[Task brief] Each line of the listing below must be retyped exactly, with images left out.

[Provided data]
****************
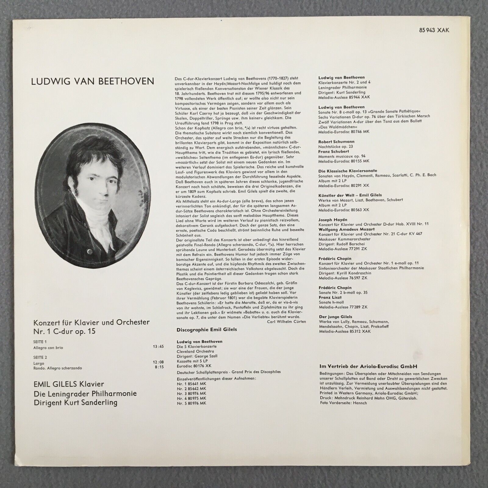 S316 Beethoven Piano Concerto No.1 Gilels Sanderling Melodiya 85 943 XAK Stereo
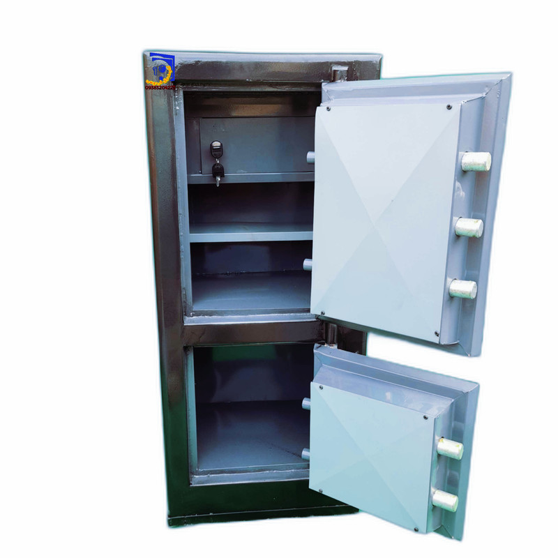 گاوصندوق ایران کاوه در ارتفاع 102 در عرض 40 و عمق 34 وزن 150 کیلوگرم ، قابلیت جا گیری پوشه ، مناسب املاک و منازل و نمایشگاه ها ، نسوز با رمز دیجیتال نمایشگر
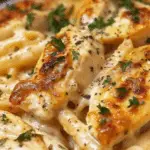 A comforting baked pasta dish featuring tender chicken, creamy sauce, and melty mozzarella cheese, perfect for a family dinner.
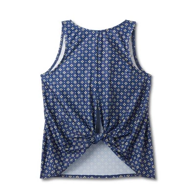 Take your sunny look up a notch with this Tie-Back Tile Print Tankini Top from Kona Sol™. This sleeveless tankini top is covered with allover tile print and sports a keyhole knot back for an eye-catching look that’s perfect for poolside lounging or taking a stroll by the beach. Made from soft, stretchy fabric with opaque lining, this printed tankini top helps keep you comfortable throughout water adventures, while removable cups offer a customizable fit.
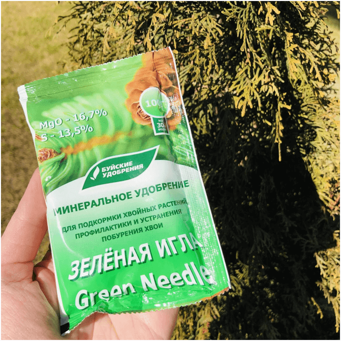 «Зеленая игла» 100 г. (пакет) – это кристаллический порошок, который предназначен для разведения в воде и последующего полива (корневое питание). 15-25 г на 10 л. воды и внесение так же по площади кроны в дозе 5-10 л на квадратный метр. Желательно в сухую землю жидкие подкормки не делать. На песчаных почвах и в засушливую погоду предварительно делается полив растения, а затем подкормка. Такую процедуру можно делать 3-4 раза за сезон, начиная с возобновления вегетации.
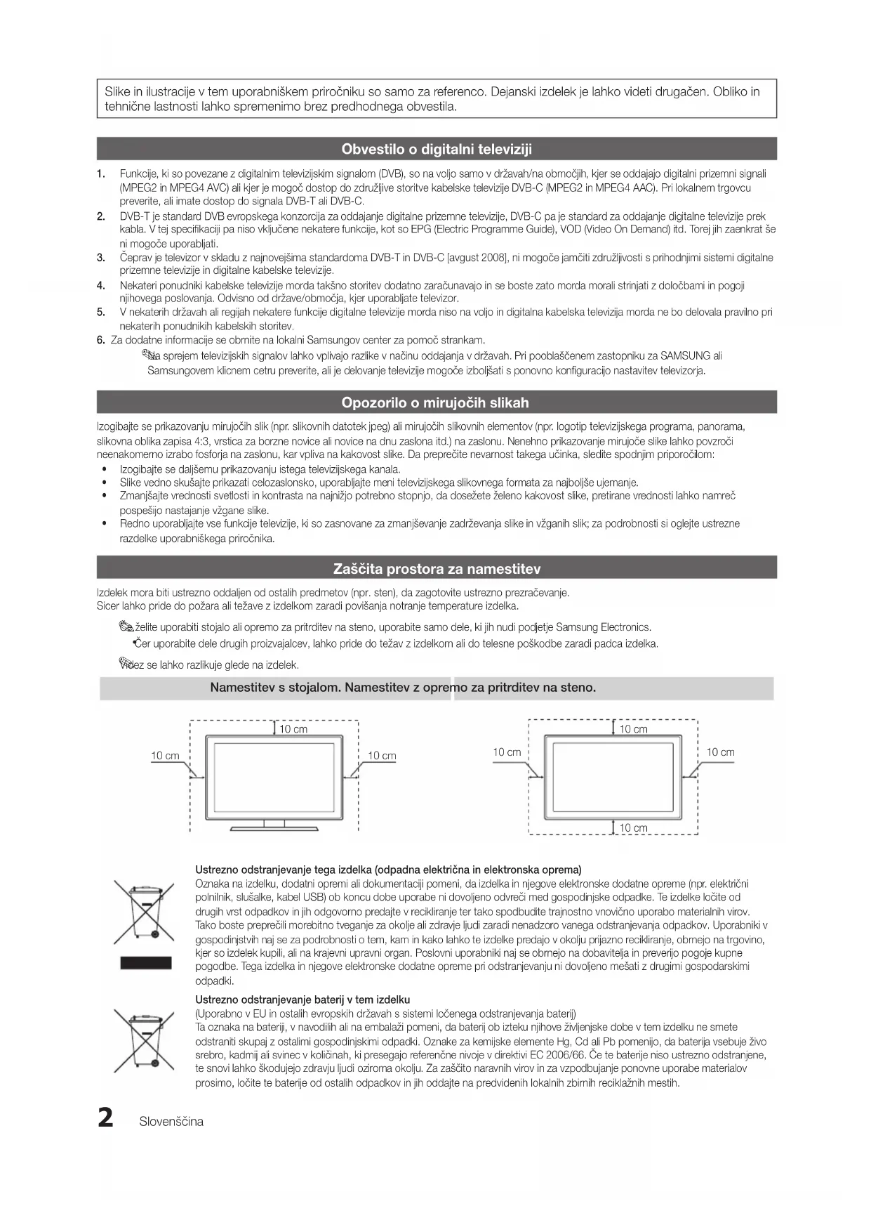 VCR 8 Vídeos 36 Visual. Básica 39 Volume 5 Volume Auto. 19 BN68-02840A-00L06-Book.indb 60 2010-03-05 오후 8:26:43This page is intentionally left blank. BN68-02840A-00L06-Book.indb 61 2010-03-05 오후 8:26:432 Slovenščina Slike in ilustracije v tem uporabniškem priročniku so samo za referenco. Dejanski izdelek je lahko videti drugačen. Obliko in tehnične lastnosti lahko spremenimo brez predhodnega obvestila. Obvestilo o digitalni televiziji 1. Funkcije, ki so povezane z digitalnim televizijskim signalom (DVB), so na voljo samo v državah/na območjih, kjer se oddajajo digitalni prizemni signali (MPEG2 in MPEG4 AVC) ali kjer je mogoč dostop do združljive storitve kabelske televizije DVB-C (MPEG2 in MPEG4 AAC). Pri lokalnem trgovcu preverite, ali imate dostop do signala DVB-T ali DVB-C. 2. DVB-T je standard DVB evropskega konzorcija za oddajanje digitalne prizemne televizije, DVB-C pa je standard za oddajanje digitalne televizije prek kabla. V tej specifikaciji pa niso vključene nekatere funkcije, kot so EPG (Electric Programme Guide), VOD (Video On Demand) itd. Torej jih zaenkrat še ni mogoče uporabljati. 3. Čeprav je televizor v skladu z najnovejšima standardoma DVB-T in DVB-C [avgust 2008], ni mogoče jamčiti združljivosti s prihodnjimi sistemi digitalne prizemne televizije in digitalne kabelske televizije. 4. Nekateri ponudniki kabelske televizije morda takšno storitev dodatno zaračunavajo in se boste zato morda morali strinjati z določbami in pogoji njihovega poslovanja. Odvisno od države/območja, kjer uporabljate televizor. 5. V nekaterih državah ali regijah nekatere funkcije digitalne televizije morda niso na voljo in digitalna kabelska televizija morda ne bo delovala pravilno pri nekaterih ponudnikih kabelskih storitev.
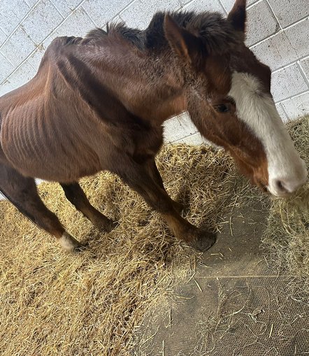 In 2023, HorseWorld was contacted by the RSPCA with an urgent plea to care for a severely malnourished Irish Thoroughbred named Murphy. The 27-year-old gelding had been rescued following a neglect case and desperately needed specialist equine rehabilitation. When Murphy arrived at HorseWorld, he was in a shocking condition. With a body condition score of just 0.5, he was emaciated - little more than skin and bone. It was clear he needed immediate veterinary intervention and a carefully managed recovery plan.
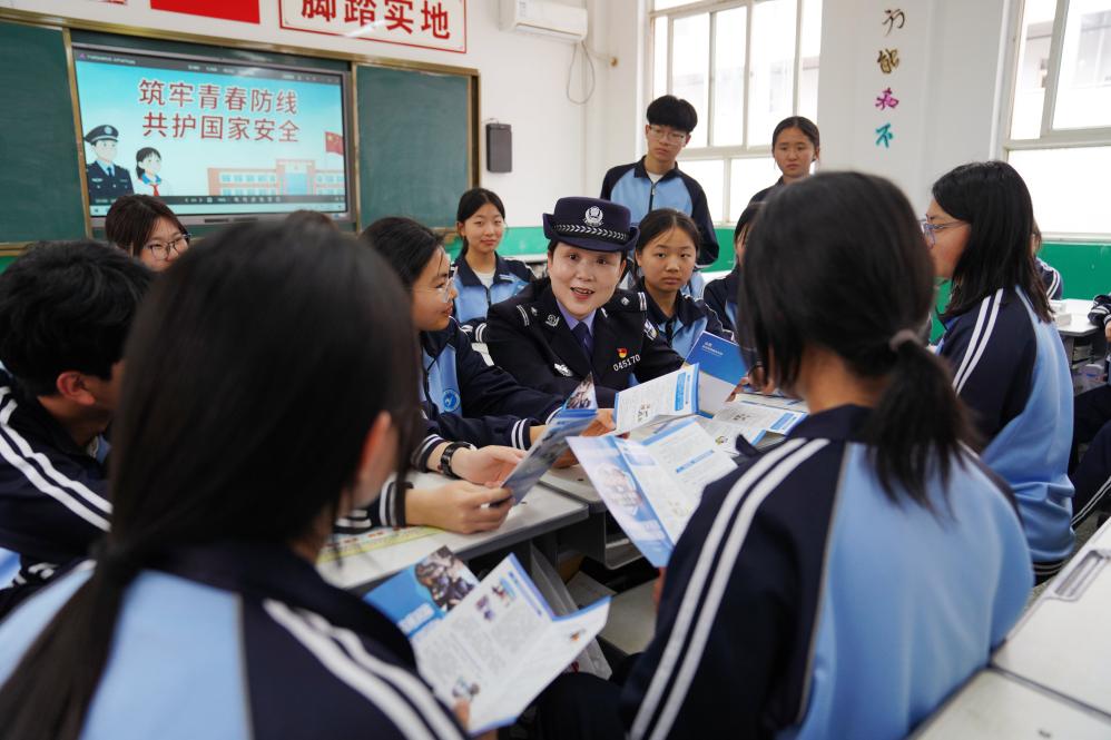 4月13日,河南省沁阳市公安局民警在沁阳市致远中学给学生讲解国家安全知识。
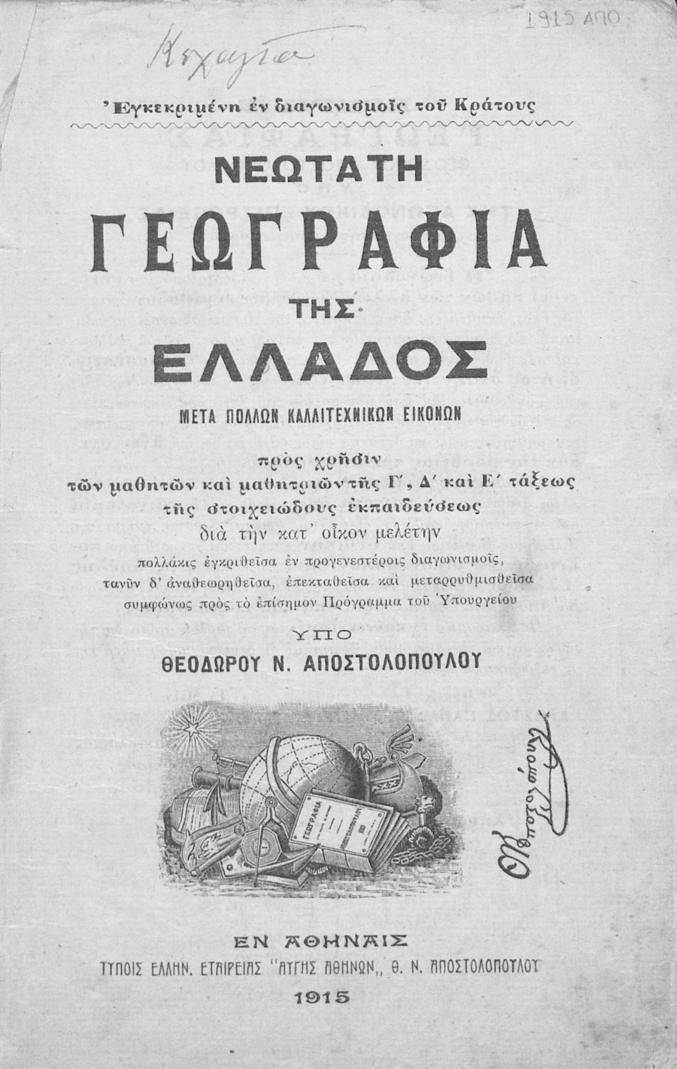 Πρόκειται για μαθητικό βοήθημα, με πλούσια εικονογράφηση, ενισχυτικό της διδασκαλίας και κατανόησης του μαθήματος της γεωγραφίας της Ελλάδας στη Γ΄, Δ΄ και Ε΄ Δημοτικού. Φέρει λίγες προσωπικές σημειώσεις του μαθητή και σημειώνεται πως οι τελευταίες σελίδες εμφανίζονται μερικώς σχισμένες.
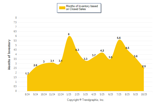 Curnt vs. Same Month 1 Yr Ago: Months of Inventory (Closed Sales)
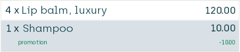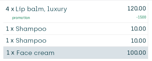 The customer must buy four articles from the Buy side to trigger the discount, so let's sell four lip balms from the Buy side and some differently priced articles from the Get side to view the results of our different discount distribution options on the POS's journal.
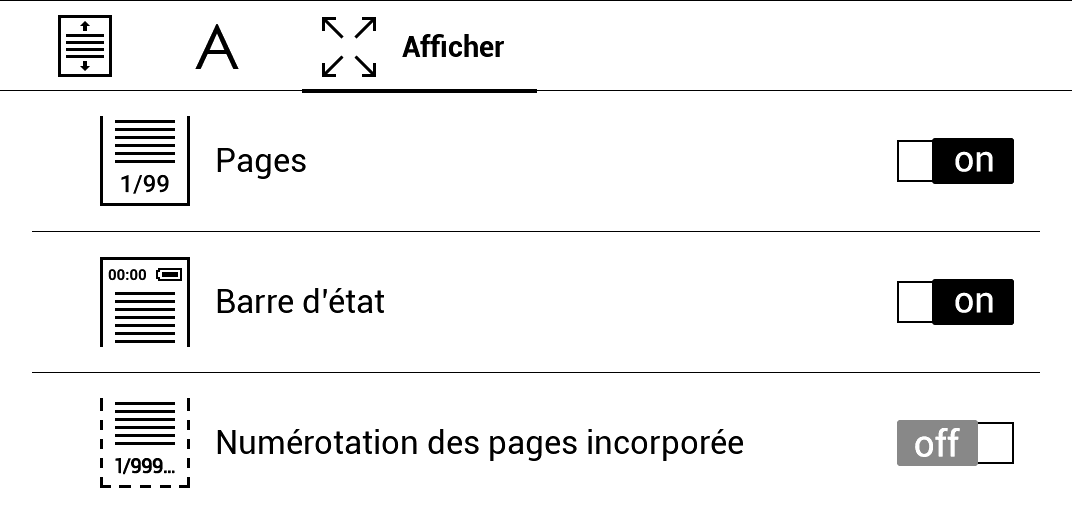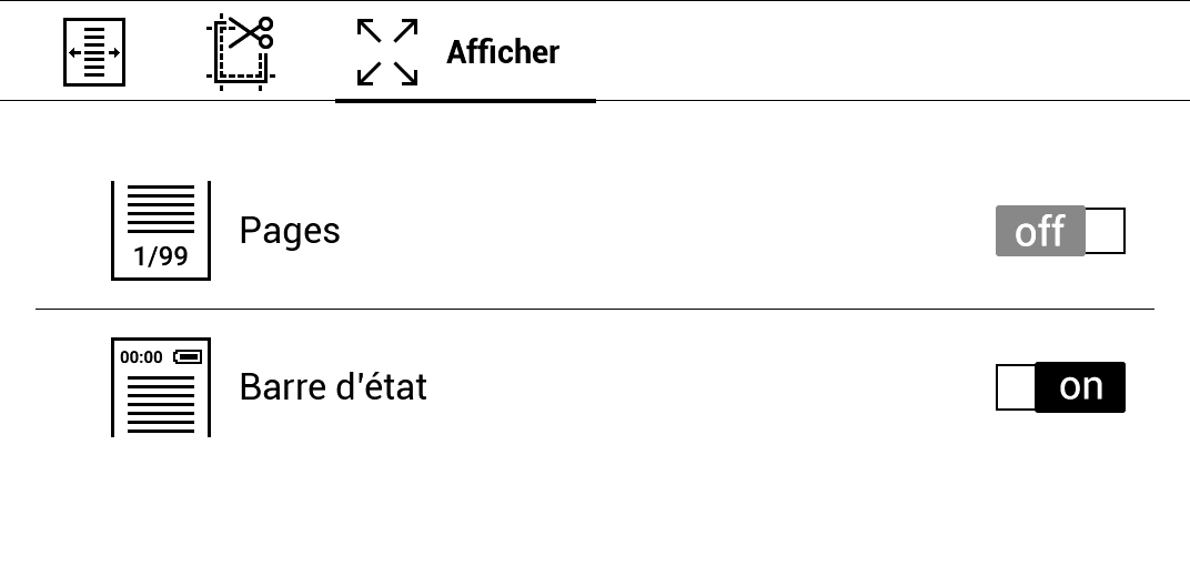 - À noter que la liseuse possède un mode "rognage" pour détecter et éliminer automatiquement les bords blancs d'un PDF.
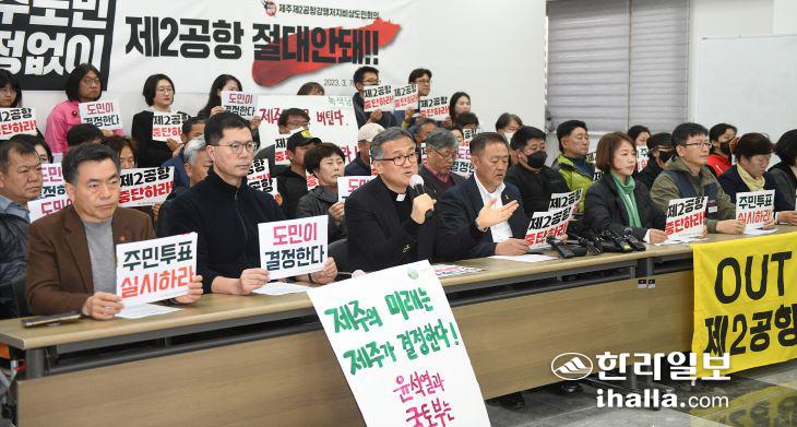 제주제2공항강행저지비상도민회의(이하 비상도민회의)는 7일 민주노총 제주본부에서 기자회견을 열고 "기어코 환경부가 '조건부 동의'라는 면피용 편법을 악용해 제2공항전략환경영향평가를 통과시켰다. 거짓·부실 제2공항 전략환경영향평가 통과를 규탄한다"며 "도민 결정 없는 제2공항 추진은 있을 수 없어 주민투표를 실시하라"고 말했다.
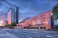 Koop de foto Interpolis hoofdkantoor Tilburg bij schemering met een paarse hemel van Tony Vingerhoets op canvas, aluminium dibond, (ingelijste) fotoprint, behang en ArtFrame, op maat geprint in Fine-Art kwaliteit.
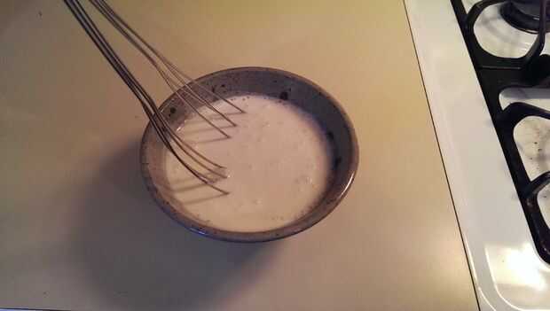 - Añadir 1/3 taza de arranque y bate para formar una mezcla.
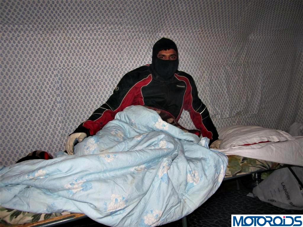 Luggage was off-loaded, tents were allotted with tea and biscuits ready to refresh our tired bodies. “God, this is lavish!” I said to myself. While the other riders took off to the lake, I decided to compensate for the earlier night’s loss of sleep and kept the lake visit for next morning. By the time I got up dinner was ready and it was so cold that I had to keep the riding jacket on over layers of clothes and thermals- and I went to bed wearing it buried under two layers of blankets marking the end of day 3.
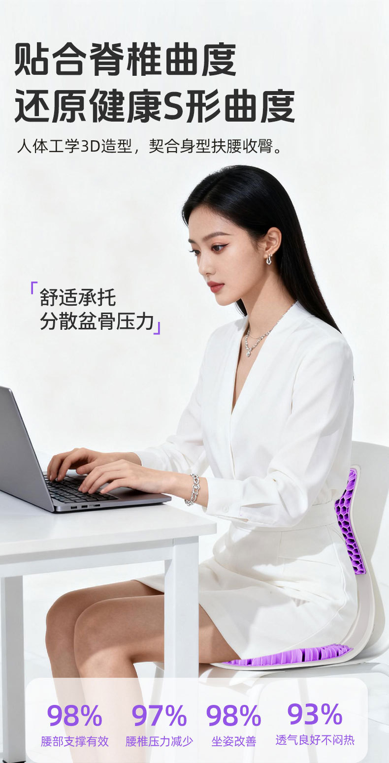 Cojín para silla y respaldo integrados para oficina, para estar sentado durante mucho tiempo, cómodo cojín de soporte lumbar para estudiantes, cojín transpirable para corrección de postura anti-joroba.
****************
[Answer to this problem]
 S316 Beethoven Piano Concerto No.1 Gilels Sanderling Melodiya 85 943 XAK Stereo
 گاوصندوق ایران کاوه در ارتفاع 102 در عرض 40 و عمق 34 وزن 150 کیلوگرم ، قابلیت جا گیری پوشه ، مناسب املاک و منازل و نمایشگاه ها ، نسوز با رمز دیجیتال نمایشگر
 A comforting baked pasta dish featuring tender chicken, creamy sauce, and melty mozzarella cheese, perfect for a family dinner.
 Take your sunny look up a notch with this Tie-Back Tile Print Tankini Top from Kona Sol™. This sleeveless tankini top is covered with allover tile print and sports a keyhole knot back for an eye-catching look that’s perfect for poolside lounging or taking a stroll by the beach. Made from soft, stretchy fabric with opaque lining, this printed tankini top helps keep you comfortable throughout water adventures, while removable cups offer a customizable fit.
 «Зеленая игла» 100 г. (пакет) – это кристаллический порошок, который предназначен для разведения в воде и последующего полива (корневое питание). 15-25 г на 10 л. воды и внесение так же по площади кроны в дозе 5-10 л на квадратный метр. Желательно в сухую землю жидкие подкормки не делать. На песчаных почвах и в засушливую погоду предварительно делается полив растения, а затем подкормка. Такую процедуру можно делать 3-4 раза за сезон, начиная с возобновления вегетации.
 VCR 8 Vídeos 36 Visual. Básica 39 Volume 5 Volume Auto. 19 BN68-02840A-00L06-Book.indb 60 2010-03-05 오후 8:26:43This page is intentionally left blank. BN68-02840A-00L06-Book.indb 61 2010-03-05 오후 8:26:432 Slovenščina Slike in ilustracije v tem uporabniškem priročniku so samo za referenco. Dejanski izdelek je lahko videti drugačen. Obliko in tehnične lastnosti lahko spremenimo brez predhodnega obvestila. Obvestilo o digitalni televiziji 1. Funkcije, ki so povezane z digitalnim televizijskim signalom (DVB), so na voljo samo v državah/na območjih, kjer se oddajajo digitalni prizemni signali (MPEG2 in MPEG4 AVC) ali kjer je mogoč dostop do združljive storitve kabelske televizije DVB-C (MPEG2 in MPEG4 AAC). Pri lokalnem trgovcu preverite, ali imate dostop do signala DVB-T ali DVB-C. 2. DVB-T je standard DVB evropskega konzorcija za oddajanje digitalne prizemne televizije, DVB-C pa je standard za oddajanje digitalne televizije prek kabla. V tej specifikaciji pa niso vključene nekatere funkcije, kot so EPG (Electric Programme Guide), VOD (Video On Demand) itd. Torej jih zaenkrat še ni mogoče uporabljati. 3. Čeprav je televizor v skladu z najnovejšima standardoma DVB-T in DVB-C [avgust 2008], ni mogoče jamčiti združljivosti s prihodnjimi sistemi digitalne prizemne televizije in digitalne kabelske televizije. 4. Nekateri ponudniki kabelske televizije morda takšno storitev dodatno zaračunavajo in se boste zato morda morali strinjati z določbami in pogoji njihovega poslovanja. Odvisno od države/območja, kjer uporabljate televizor. 5. V nekaterih državah ali regijah nekatere funkcije digitalne televizije morda niso na voljo in digitalna kabelska televizija morda ne bo delovala pravilno pri nekaterih ponudnikih kabelskih storitev.
 In 2023, HorseWorld was contacted by the RSPCA with an urgent plea to care for a severely malnourished Irish Thoroughbred named Murphy. The 27-year-old gelding had been rescued following a neglect case and desperately needed specialist equine rehabilitation. When Murphy arrived at HorseWorld, he was in a shocking condition. With a body condition score of just 0.5, he was emaciated - little more than skin and bone. It was clear he needed immediate veterinary intervention and a carefully managed recovery plan.
 4月13日,河南省沁阳市公安局民警在沁阳市致远中学给学生讲解国家安全知识。
 Πρόκειται για μαθητικό βοήθημα, με πλούσια εικονογράφηση, ενισχυτικό της διδασκαλίας και κατανόησης του μαθήματος της γεωγραφίας της Ελλάδας στη Γ΄, Δ΄ και Ε΄ Δημοτικού. Φέρει λίγες προσωπικές σημειώσεις του μαθητή και σημειώνεται πως οι τελευταίες σελίδες εμφανίζονται μερικώς σχισμένες.
 Curnt vs. Same Month 1 Yr Ago: Months of Inventory (Closed Sales)
 The customer must buy four articles from the Buy side to trigger the discount, so let's sell four lip balms from the Buy side and some differently priced articles from the Get side to view the results of our different discount distribution options on the POS's journal.
 - À noter que la liseuse possède un mode "rognage" pour détecter et éliminer automatiquement les bords blancs d'un PDF.
 제주제2공항강행저지비상도민회의(이하 비상도민회의)는 7일 민주노총 제주본부에서 기자회견을 열고 "기어코 환경부가 '조건부 동의'라는 면피용 편법을 악용해 제2공항전략환경영향평가를 통과시켰다. 거짓·부실 제2공항 전략환경영향평가 통과를 규탄한다"며 "도민 결정 없는 제2공항 추진은 있을 수 없어 주민투표를 실시하라"고 말했다.
 Koop de foto Interpolis hoofdkantoor Tilburg bij schemering met een paarse hemel van Tony Vingerhoets op canvas, aluminium dibond, (ingelijste) fotoprint, behang en ArtFrame, op maat geprint in Fine-Art kwaliteit.
 - Añadir 1/3 taza de arranque y bate para formar una mezcla.
 Luggage was off-loaded, tents were allotted with tea and biscuits ready to refresh our tired bodies. “God, this is lavish!” I said to myself. While the other riders took off to the lake, I decided to compensate for the earlier night’s loss of sleep and kept the lake visit for next morning. By the time I got up dinner was ready and it was so cold that I had to keep the riding jacket on over layers of clothes and thermals- and I went to bed wearing it buried under two layers of blankets marking the end of day 3.
 Cojín para silla y respaldo integrados para oficina, para estar sentado durante mucho tiempo, cómodo cojín de soporte lumbar para estudiantes, cojín transpirable para corrección de postura anti-joroba.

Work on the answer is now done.